Monarda Fistulosa {Bee Balm, Sweetleaf, Bergamont, Wild Oregano}
Introducing Monarda fistulosa, a beautiful, pungent, bee attracting multifaceted being. This plant is a potent one yet is considered a relaxant nervine working on the area of solar plexus and organs & nerves from this area. It is highly diffusive & diaphoretic thus it opens pores and draws out fire.
It is spicy, numbing, tingling with a carminative action. Monarda is in the mint family as it has square stem and opposite leaves. It is considered cooling as it draws out heat with its diaphoretic action this making it an excellent remedy for fevers.
Every time I see this beauty I like to take a little nibble of leaf or flower as we are what we eat and I appreciate merging my consciousness with this one!
Noted to support the following...
- muscle relaxant & calming
- Burns, fever
- works best for burns when mixed with saliva and prevents skin discoloration in burns
- Appendicitis
- Stimulant to stomach, wakes up underachieve tissue
- Acid reflux
- Hangover remedy - nausea & exhaustion
- Controls alcoholic cravings
- Whooping cough
- Rashes
- Breaks down scar tissue (internally as well)
- Alzheimer's (scar tissue in brain)
- Burning sensations in nerves
- Yeast, fungal issues & thrush diaper rash
- Burning UTI’s
- Candida
- Meniere’s disease/Virtigo - mental confusion, dizziness, ringing in ears, balance
- Inner ear disease
- Kidney remedy
- Tinitis - ringing in ears
- Debilitating fever with ringing in the ears
- Insomnia, exhaustion and overexcitement of nerves
- Kidney, bladder infections & imbalances
- Amenorrhea - menses suppressed from cold
It has been said that there are 102 uses for this plant by the Native Americans. Using it in sweat lodges, as a food, in ceremony, bug repellant, preserves food, burns, wounds, parasites, kidney, diaphoretic, sore eyes, heart trouble, expel afterbirth, pimple & skin eruptions, respiratory, mucous, styptic, colds, etc.
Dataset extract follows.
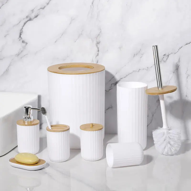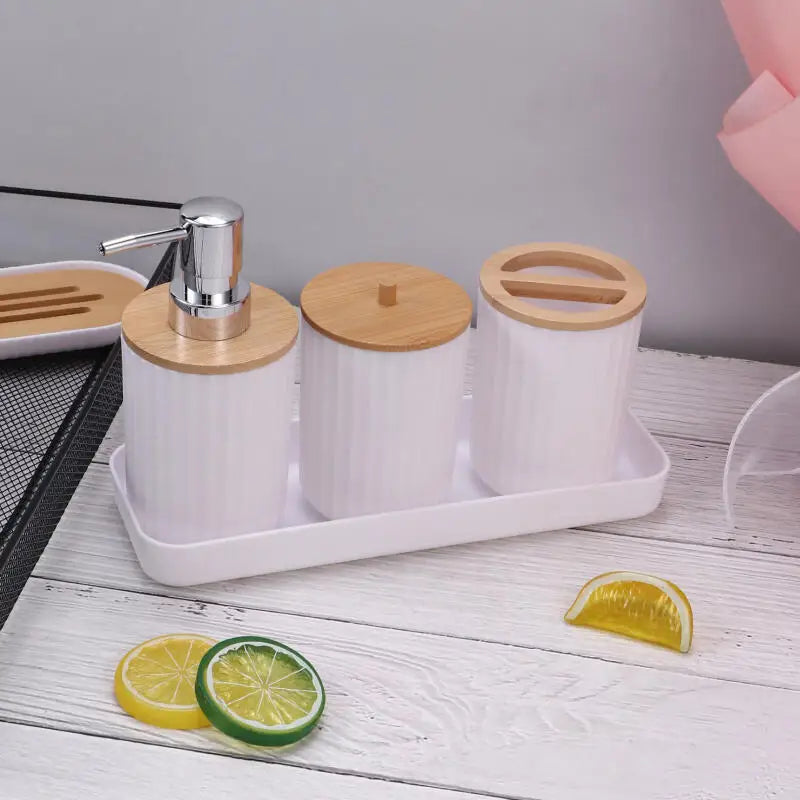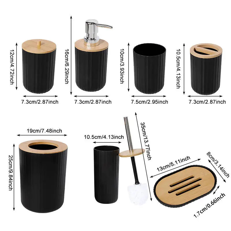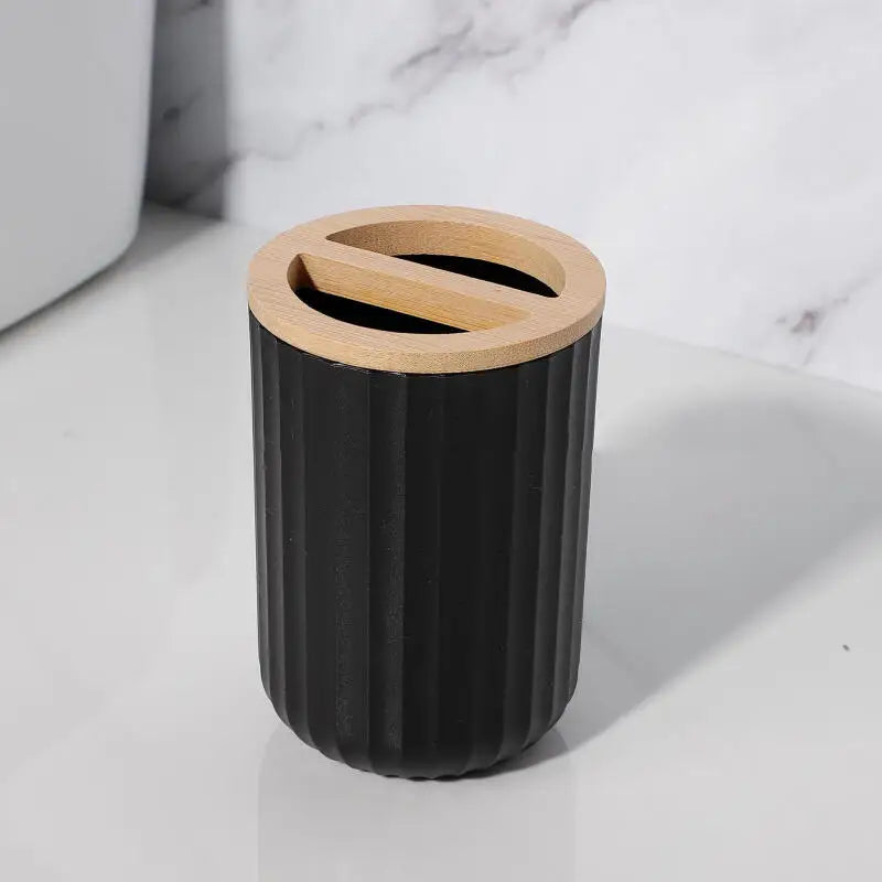 This wash set is available in three styles: black, white and light gray for you to choose from to meet the needs of different decoration styles.The bamboo cover design is adopted, which is both beautiful and environmentally friendly.Come and add a simple and practical wash set to your bathroom!

As it has been given the name Wild Oregano and is quite pungent... it is often used in creating pestos and added into other culinary delicacies. Definately worth a try.
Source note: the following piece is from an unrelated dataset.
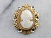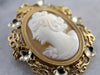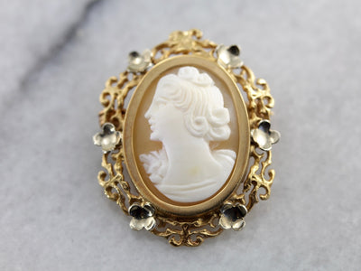 This cameo is stunning! Crafted of 18K gold, this piece features a scrolling motif framework decorated with bright white gold flowers. The portrait of the lady is fun and charming, she has a Gibson Girl style hairdo and rolling curves. This piece dates to the 1940s or so. This is crafted of tan shell with hints of yellow, carved with great detail and delicacy in a pretty portrait.

You can find this bee loving perennial beauty in most prairie lands or in peoples yards. Grows about 2-4 ft tall and blooms in Minnesota from about June-August. The color seen in these photos are the native plants. There are cultivated Monardas that can have deeper red colors that I have seen. The native seems to be the strongest medicinally in my opinion.